For Rollout (functions/rollout/rollout.py):
from dashscope.finetune.reinforcement.component.observability import (
observe_processor
)
class CalcXRolloutProcessor(AbstractRolloutProcessor):
@observe_processor # Span type = ROLLOUT
async def process(self, input: RolloutInput) -> RolloutOutput:
await self._async_setup()
return await self._async_process(input)
For Reward (functions/reward/reward.py):
class DemoRewardProcessor(AbstractRewardProcessor):
@observe_processor # Span type = REWARD
async def process(self, input: RewardInput) -> RewardOutput:
score = await evaluate(content, input.ground_truth)
return RewardOutput(
reward=Reward(
reward_score=score,
reward_metrics={"test1": 0.5, "test2": 0.3}
),
status=TaskStatus.SUCCESS,
)
trace_client(): Trace an LLM client
Call this function in your initialization method to wrap an LLM client instance. All subsequent LLM requests from this client will automatically generate an LLM span that records the model name, request content, token usage, latency, and more.

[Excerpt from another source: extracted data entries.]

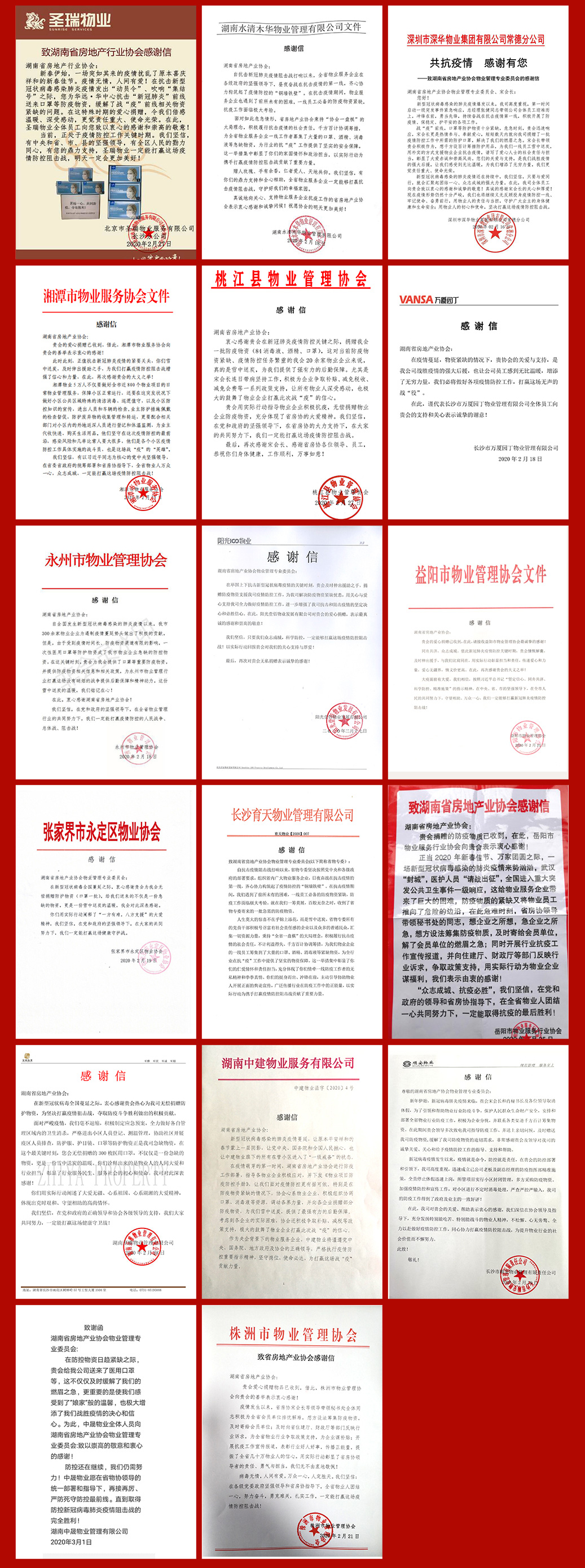 自疫情發(fā)生以來,湖南省房協(xié)向全社會發(fā)出倡議,積極募集防疫物資,向會員單位進(jìn)行捐贈,同時組織對各市州物業(yè)管理協(xié)會、各物業(yè)企業(yè)會員單位和非會員單位進(jìn)行定向捐贈。當(dāng)協(xié)會致力于使我省房地產(chǎn)行業(yè)防疫工作得到更多關(guān)注和支持時,協(xié)會收到來自市州協(xié)會和會員單位的感謝信。
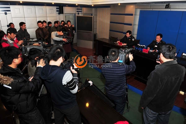 2011年1月5日,泰安市公安局召開第二次新聞發布會通報了1.04持槍殺人案犧牲民警及有關人員基本情況。圖為發布會現場。(攝影 張曉博)
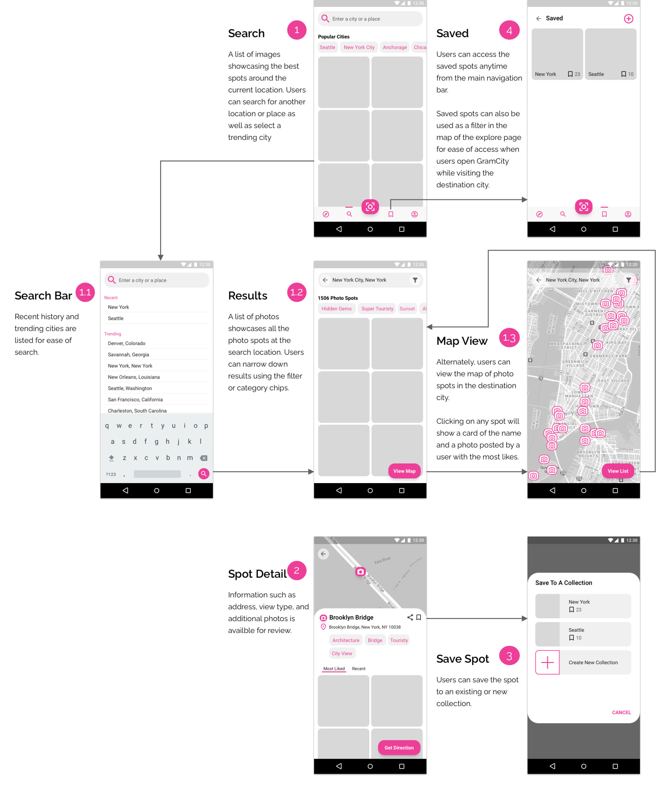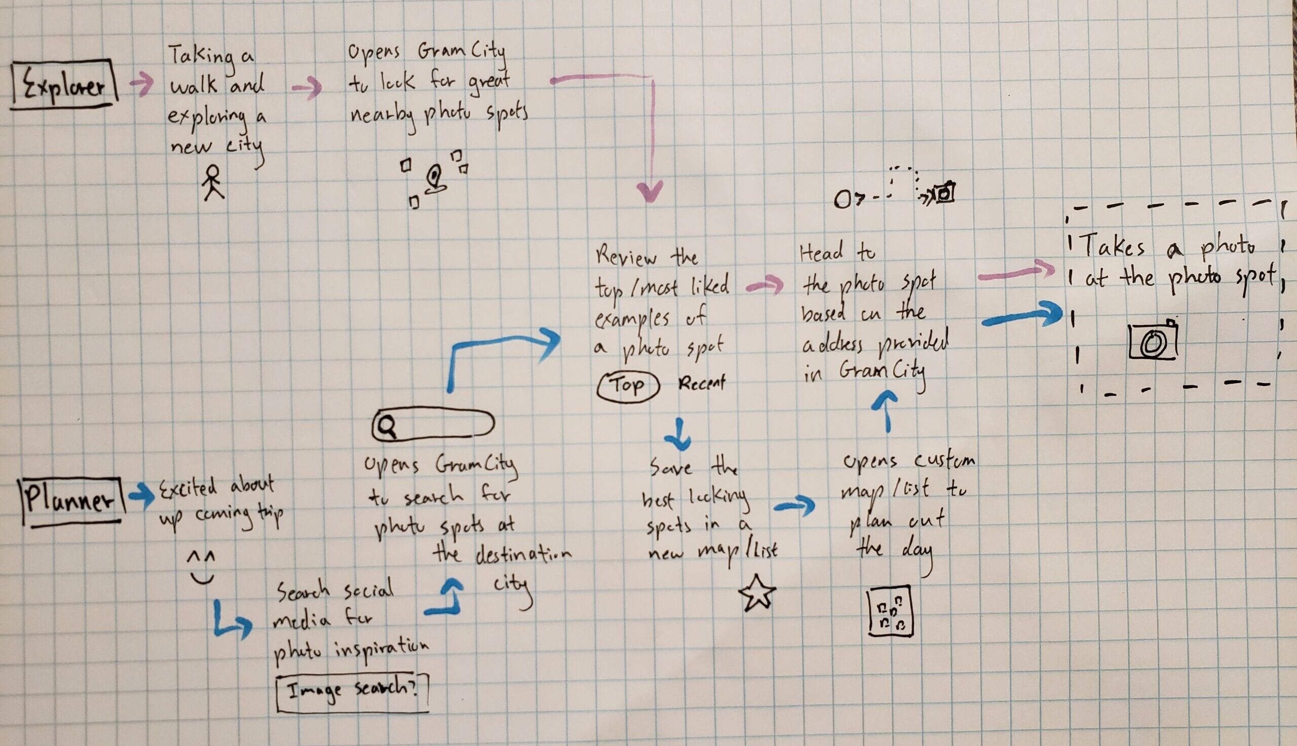 Based on user research highlights, the user base of GramCity is highly visual and wants to find or search photo spots based on location. I performed a lightning demo of existing products that have similar functions, and I looked at applications focused on photos and images such as Instagram and Pinterest. I also reviewed applications that have a great map search feature such as Google Map and Best Parking.

Supported client types (auto-detected via duck typing):
-
OpenAI clients (
AsyncOpenAI/OpenAI) -
OpenAI completions resources (
.chat.completions) -
LangChain classes like ChatOpenAI (via
.client/.async_client) -
DashScope Generation class (pass the class itself, not an instance)
Example (functions/rollout/rollout.py):
from langchain_openai import ChatOpenAI
from dashscope.finetune.reinforcement.component.observability import (
trace_client
)
class CalcXRolloutProcessor(AbstractRolloutProcessor):
def _build_llm(self, input: RolloutInput) -> ChatOpenAI:
llm = ChatOpenAI(
model=input.model_resource.model_name,
openai_api_key=api_key,
openai_api_base=input.model_resource.base_url,
...
)
trace_client(llm) # Wrap the client to automatically trace all LLM calls
return llm
trace_tool(): Trace tool calls
After retrieving tool instances, call this function to wrap them. Each subsequent tool call will generate a TOOL span, recording the tool name, parameters, return value, and latency.
Supported input formats:
-
A single LangChain BaseTool
-
A list, tuple, or dictionary (iterated over automatically)
-
A LangGraph ToolNode (automatically expands
.tools_by_name) -
MCP tools (auto-detected, with provider set to "mcp")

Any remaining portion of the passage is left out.